(Task description) For this listing, reproduce the line with "안녕하세요! 오늘은 파넬이", the line with "To give the", and the lines between, exactly as they stand. Leave out pictures and all other lines.
=== Section Start ===
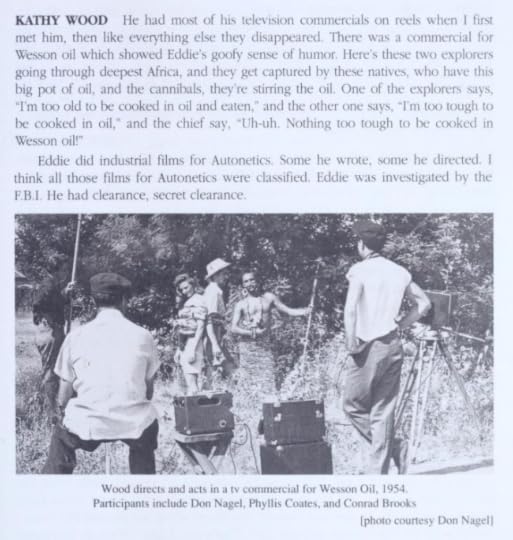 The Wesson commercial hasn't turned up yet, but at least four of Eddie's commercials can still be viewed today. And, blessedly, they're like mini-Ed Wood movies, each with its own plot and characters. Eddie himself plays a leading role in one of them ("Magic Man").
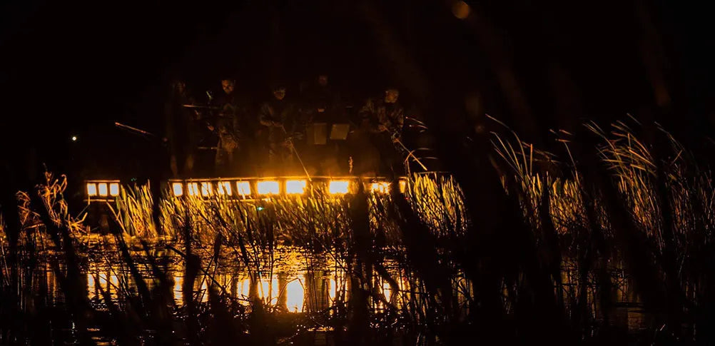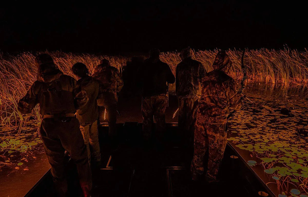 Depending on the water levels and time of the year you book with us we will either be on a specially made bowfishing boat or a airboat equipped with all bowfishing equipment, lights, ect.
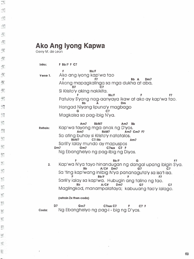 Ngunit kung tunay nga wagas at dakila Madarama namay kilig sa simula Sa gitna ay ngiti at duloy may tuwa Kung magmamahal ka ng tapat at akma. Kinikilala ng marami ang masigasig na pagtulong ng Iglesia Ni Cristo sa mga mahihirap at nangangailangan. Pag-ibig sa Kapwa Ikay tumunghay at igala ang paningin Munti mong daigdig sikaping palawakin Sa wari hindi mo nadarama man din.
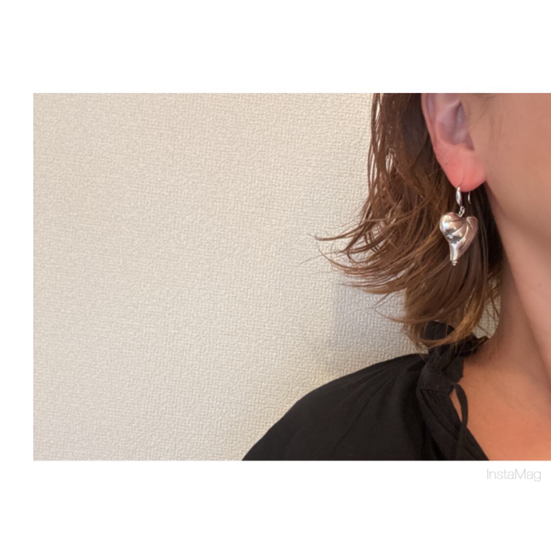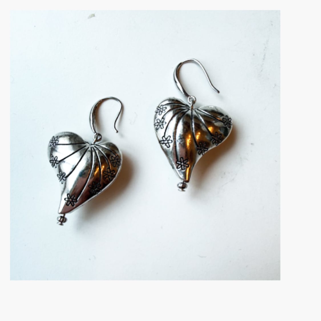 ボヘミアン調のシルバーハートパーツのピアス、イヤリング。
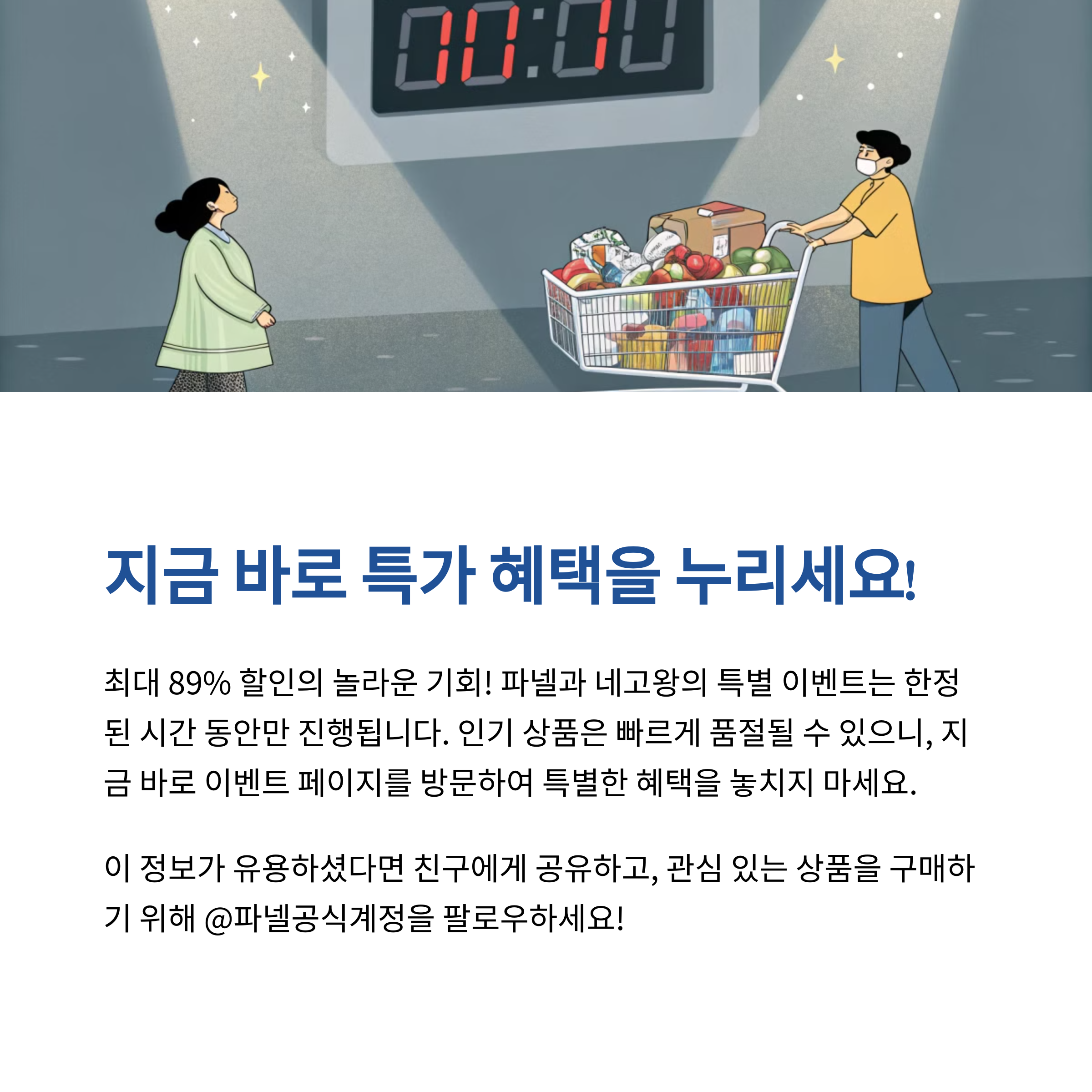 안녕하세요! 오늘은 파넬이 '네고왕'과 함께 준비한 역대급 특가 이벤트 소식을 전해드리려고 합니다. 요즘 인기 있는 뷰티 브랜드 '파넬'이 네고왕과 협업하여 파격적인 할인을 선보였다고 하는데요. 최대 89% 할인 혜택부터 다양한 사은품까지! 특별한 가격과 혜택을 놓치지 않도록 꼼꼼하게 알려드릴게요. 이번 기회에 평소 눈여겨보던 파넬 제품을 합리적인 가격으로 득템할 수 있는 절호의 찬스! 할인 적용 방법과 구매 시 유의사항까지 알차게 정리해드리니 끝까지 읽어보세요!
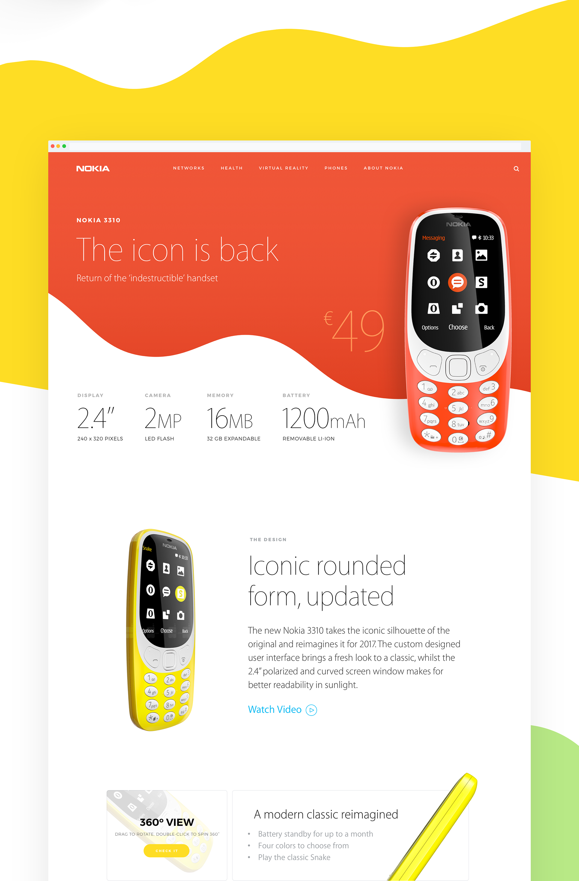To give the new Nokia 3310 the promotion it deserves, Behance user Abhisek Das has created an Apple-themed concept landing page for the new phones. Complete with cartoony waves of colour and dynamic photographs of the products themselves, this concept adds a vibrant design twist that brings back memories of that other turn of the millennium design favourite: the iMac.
=== Section End ===
=== Section Start ===
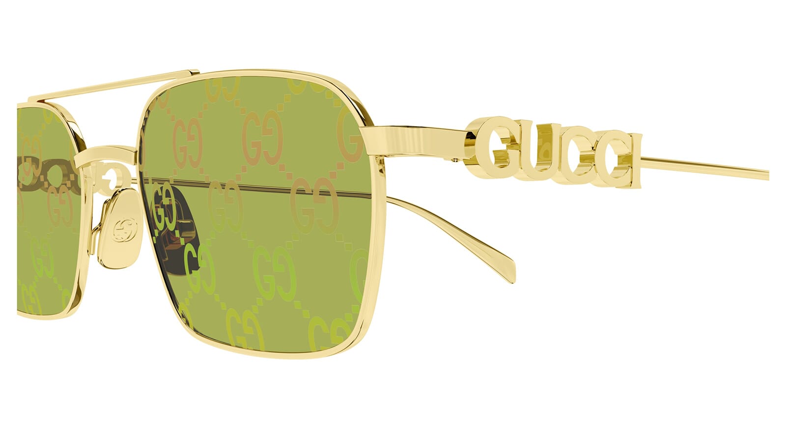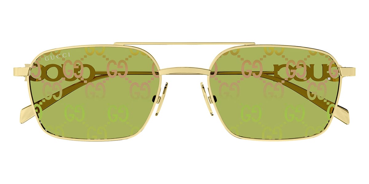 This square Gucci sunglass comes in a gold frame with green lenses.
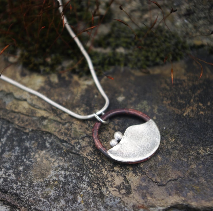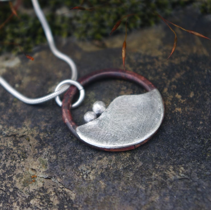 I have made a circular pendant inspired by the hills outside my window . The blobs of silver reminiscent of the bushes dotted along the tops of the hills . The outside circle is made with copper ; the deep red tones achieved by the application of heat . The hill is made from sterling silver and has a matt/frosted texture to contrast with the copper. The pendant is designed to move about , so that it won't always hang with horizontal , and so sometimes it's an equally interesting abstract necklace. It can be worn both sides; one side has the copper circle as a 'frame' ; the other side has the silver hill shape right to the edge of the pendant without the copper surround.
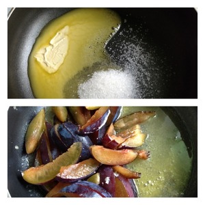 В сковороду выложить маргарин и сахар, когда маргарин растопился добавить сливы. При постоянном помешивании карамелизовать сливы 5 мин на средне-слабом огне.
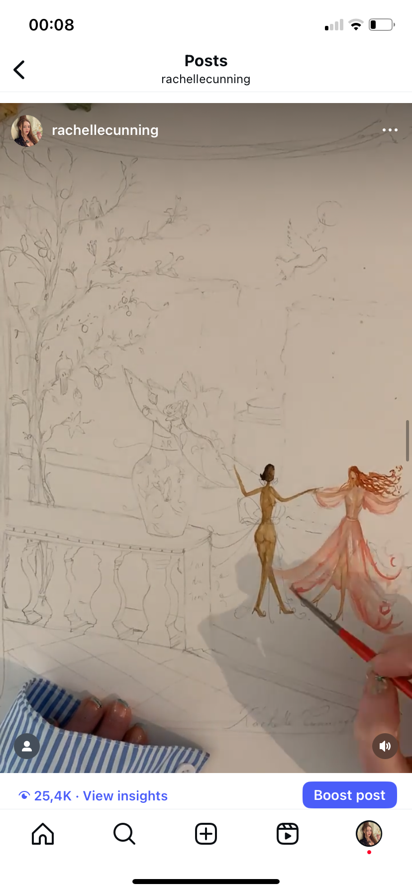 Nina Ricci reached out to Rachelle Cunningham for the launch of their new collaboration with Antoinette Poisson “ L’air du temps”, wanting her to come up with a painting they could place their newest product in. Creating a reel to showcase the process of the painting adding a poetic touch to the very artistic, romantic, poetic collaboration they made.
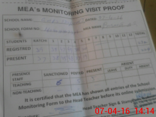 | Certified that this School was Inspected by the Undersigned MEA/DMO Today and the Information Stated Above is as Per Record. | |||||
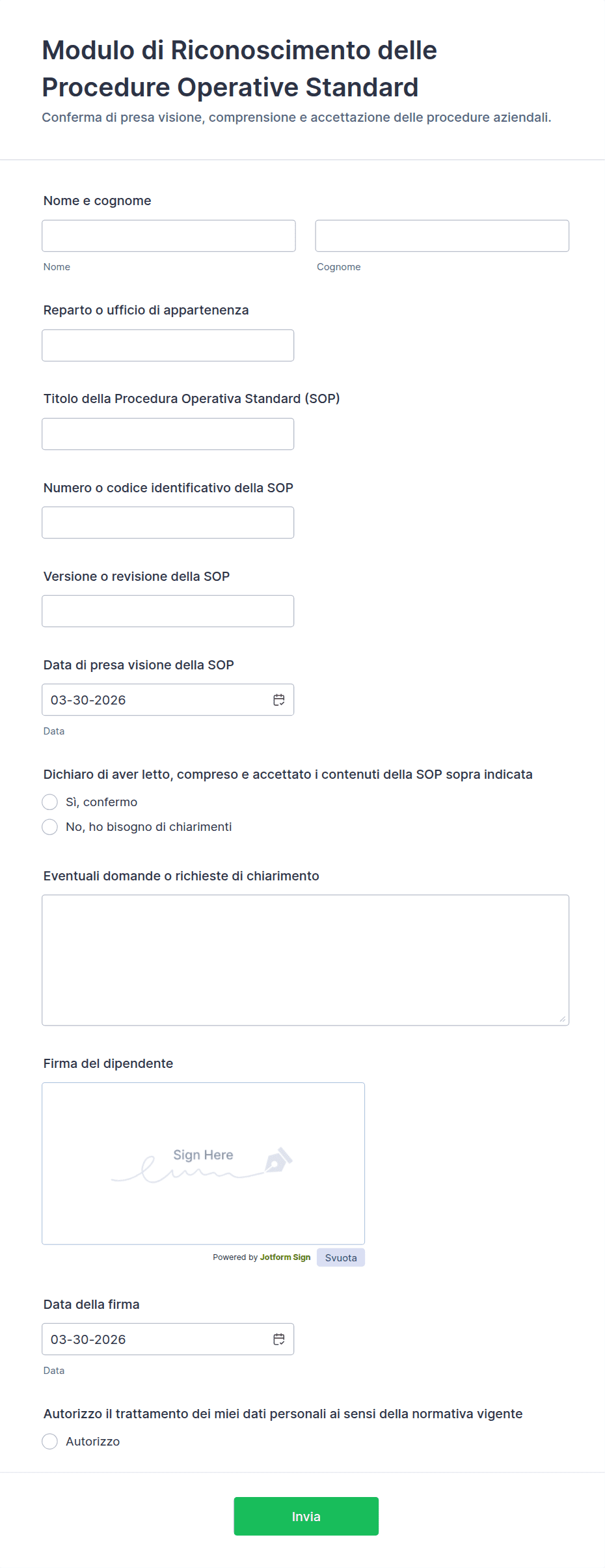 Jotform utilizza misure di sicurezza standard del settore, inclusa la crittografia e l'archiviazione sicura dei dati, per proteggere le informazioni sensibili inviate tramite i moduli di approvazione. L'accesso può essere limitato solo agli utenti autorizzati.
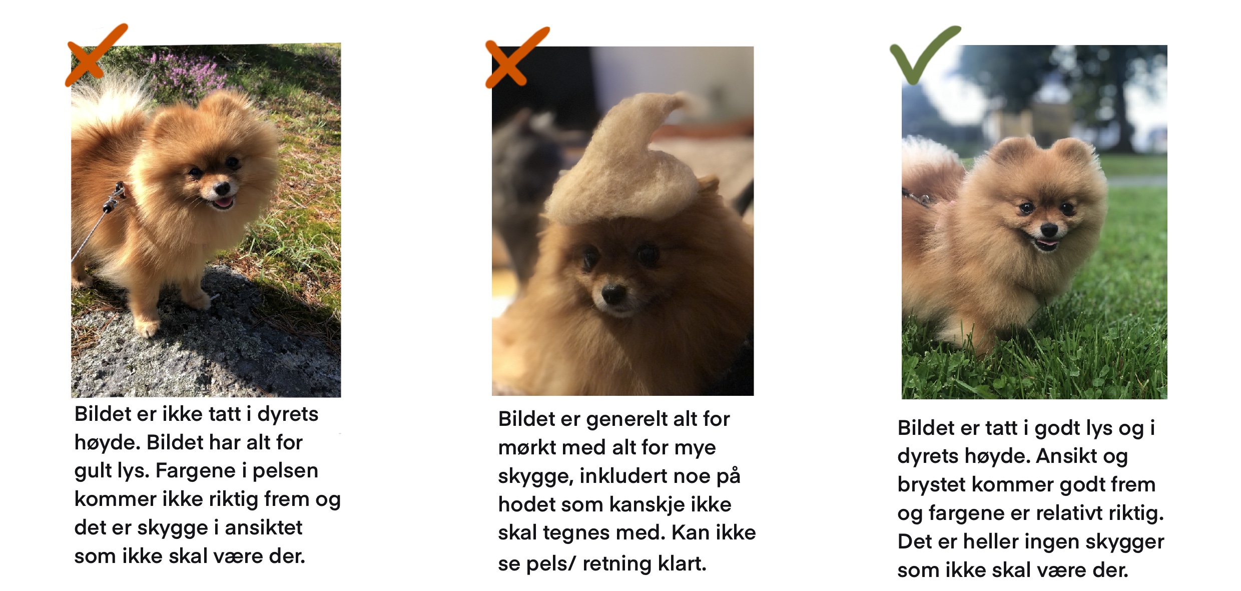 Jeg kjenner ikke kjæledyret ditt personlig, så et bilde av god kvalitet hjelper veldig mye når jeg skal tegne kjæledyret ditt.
=== Section End ===
(Solution to this task)
 안녕하세요! 오늘은 파넬이 '네고왕'과 함께 준비한 역대급 특가 이벤트 소식을 전해드리려고 합니다. 요즘 인기 있는 뷰티 브랜드 '파넬'이 네고왕과 협업하여 파격적인 할인을 선보였다고 하는데요. 최대 89% 할인 혜택부터 다양한 사은품까지! 특별한 가격과 혜택을 놓치지 않도록 꼼꼼하게 알려드릴게요. 이번 기회에 평소 눈여겨보던 파넬 제품을 합리적인 가격으로 득템할 수 있는 절호의 찬스! 할인 적용 방법과 구매 시 유의사항까지 알차게 정리해드리니 끝까지 읽어보세요!
To give the new Nokia 3310 the promotion it deserves, Behance user Abhisek Das has created an Apple-themed concept landing page for the new phones. Complete with cartoony waves of colour and dynamic photographs of the products themselves, this concept adds a vibrant design twist that brings back memories of that other turn of the millennium design favourite: the iMac.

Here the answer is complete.